Cutting fees is a core aim of the RDR, with the FSA stating it would be “surprised” and “disappointed” if fees are not reduced as a result of the measures.
The FSA paper said: “We expect that annual management charges would be reduced to reflect the fact that the client will now be paying the adviser separately and any discounts negotiated would be starting from the reduced AMCs.”
But Association for Independent Discount and Non-Advisory Brokers chairman Darius McDermott, who is managing director of discount broker Chelsea Financial Services, says fees will continue to move up.
He says: “The RDR is going to create a move towards choice in investment vehicles. Premium active fund management is not going to get any cheaper, it is going to get more expensive. Platform charges might go up as well.”

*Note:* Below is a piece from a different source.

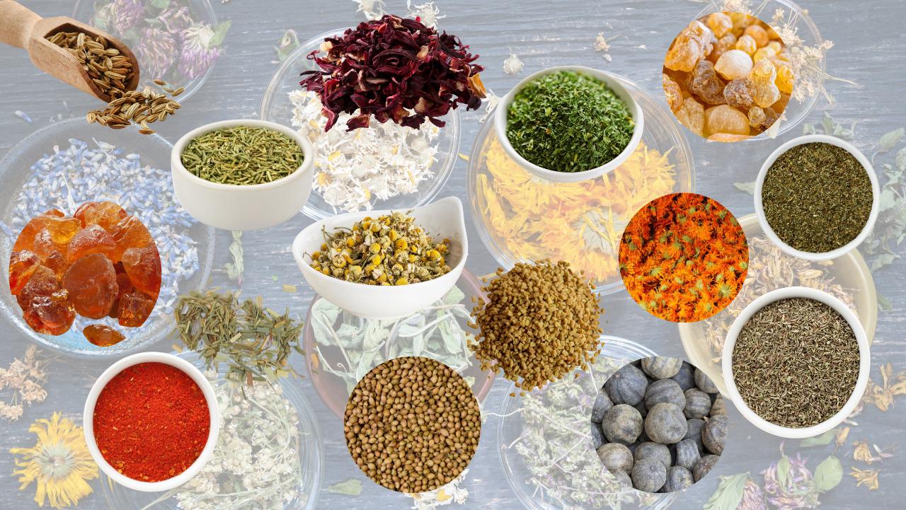 Selection of premium-quality Herbs, Spices, Seeds, Gum Arabic, and Gum Olibanum.

Hargreaves Lansdown, which is a “non-advised” discount broker, said: “We understand the logic of the FSA’s expectation of a fall while noting market forces are the key driver of prices rather than regulatory change. However, we wait with interest to see if such changes will occur to the extent the FSA envisage.
“For example, if the IFA population shrinks, fund managers may need to retain income to finance alternative distribution and advertising strategies. Therefore, they may consider reducing charges, especially in the short term, imprudent.”
The AIDB says it welcomes the decision to allow non-advised sales “to continue in their present format”.
McDermott says: “This is recognition of the important and valuable role non-advised services have to play and means that such services will be able to move forward with a stable and sustainable remuneration structure that does not discourage competition.”